Anamika Khanna, a celebrated figure in Indian couture for two decades, unveiled her fresh RTW division, AK/OK Anamika Khanna, to a Western audience for the first time. The ambitious project is financially supported by the giant Indian conglomerate Reliance, which notably acquired Hamleys in February for approximately £70 million. Leveraging this synergy, Reliance transformed the upper floors of Hamley’s, where models gracefully prowled around the toy store’s racetrack floor, navigating an whimsical landscape of Star Wars figurines, Marvin’s Magic lights, and Gravity Defying mini drones. Each guest found an intriguing, hand-embroidered cloth emblem on their seat, a testament to 20 hours of intricate work, perfectly setting the stage for a collection steeped in ravishing adornment.

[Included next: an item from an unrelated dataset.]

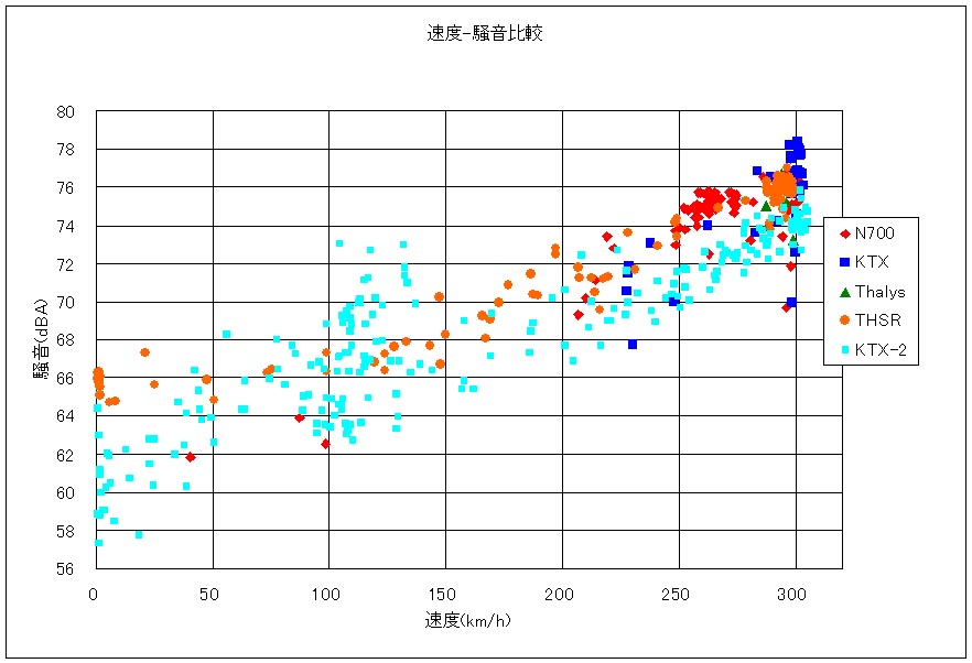 KTX-2は故障が多いとか、脱線するとか、いろいろ問題もあるようですが、こと、騒音に関しては、青組は良い仕事をしたようです。

The collection opened with a series of ivory silk jackets, chiffon shirts, and silk dhotis, delicately finished with floral prints, alongside saucy corsets embellished with fabric flowers. Most looks were anchored by strikingly cool lace boxing boots. Khanna showcased an impressive range, presenting sharp suits and redingotes in silvery silks, accented with metallic embroidery or chain mail patches, and even adding metallic finishes to jeans for a tougher edge. While Indian designers can sometimes be perceived as demure in Western eyes, Anamika Khanna boldly defied this stereotype, with a clear love for transparency evident throughout her designs. Emphasizing a distinct boudoir mood, her collection featured bloomers, sheer chiffon blouses, cami-knickers, and silver sequin bras, suggesting her designs are for women who embrace fun and freedom. The presence of Bollywood megastar Sonam Kapoor in the front row, with her 34.3 million followers, underscored the collection’s immediate appeal, marking it as a definite hit from its first to its last look.